Seasonable tokens are about. Red berries shine here and there in
the lattices of Minor Canon Corner; Mr. and Mrs. Tope are daintily
sticking sprigs of holly into the carvings and sconces of the
Cathedral stalls, as if they were sticking them into the coat-
button-holes of the Dean and Chapter. Lavish profusion is in the
shops: particularly in the articles of currants, raisins, spices,
candied peel, and moist sugar. An unusual air of gallantry and
dissipation is abroad; evinced in an immense bunch of mistletoe
hanging in the greengrocer's shop doorway, and a poor little
Twelfth Cake, culminating in the figure of a Harlequin--such a very
poor little Twelfth Cake, that one would rather called it a Twenty-
fourth Cake or a Forty-eighth Cake--to be raffled for at the
pastrycook's, terms one shilling per member. Public amusements are
not wanting.
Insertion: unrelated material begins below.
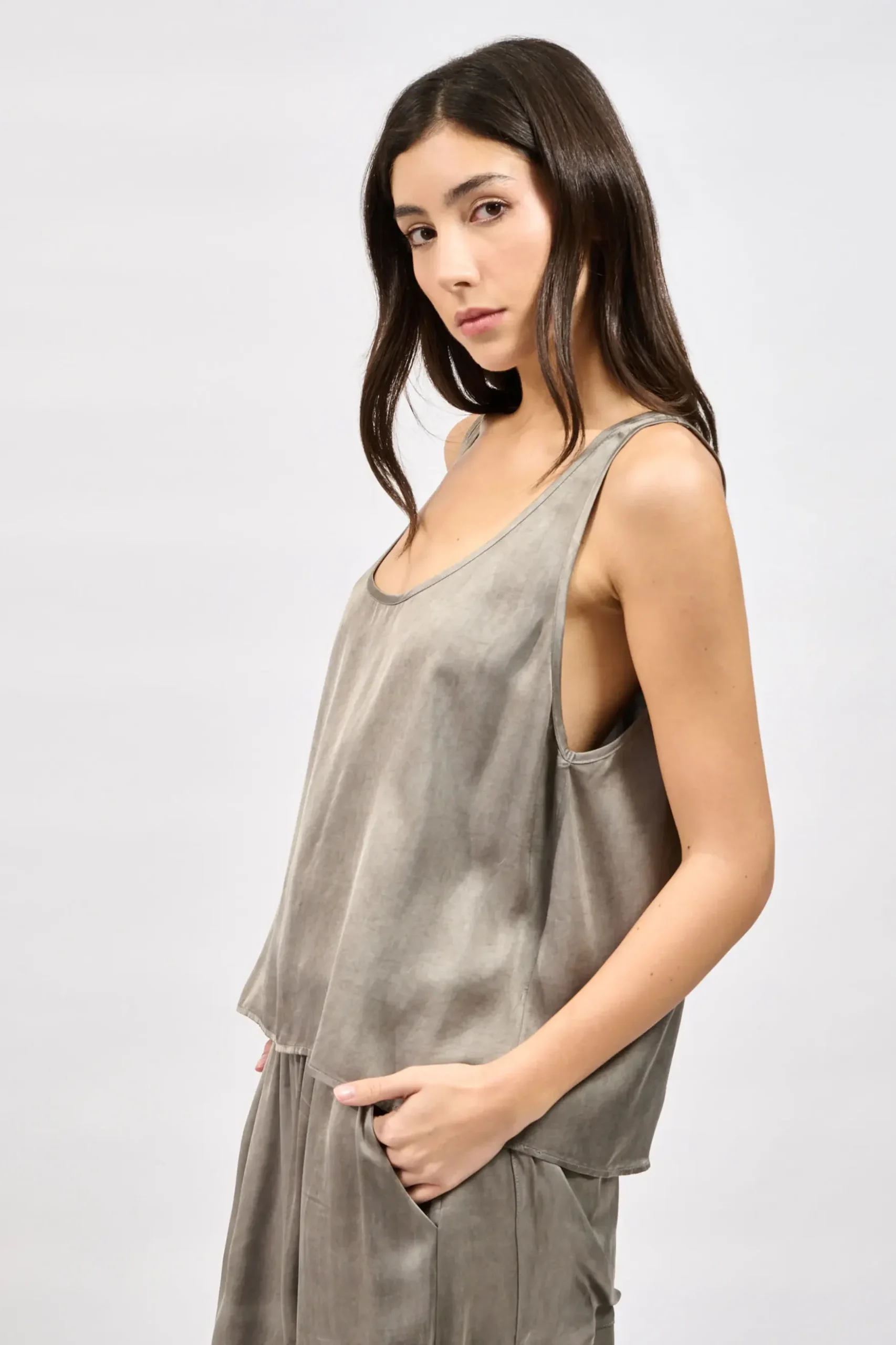 Sleeveless top with a scoop neckline

The Wax-Work which made so deep an impression on the
reflective mind of the Emperor of China is to be seen by particular
desire during Christmas Week only, on the premises of the bankrupt
livery-stable-keeper up the lane; and a new grand comic Christmas
pantomime is to be produced at the Theatre: the latter heralded by
the portrait of Signor Jacksonini the clown, saying 'How do you do
to-morrow?' quite as large as life, and almost as miserably.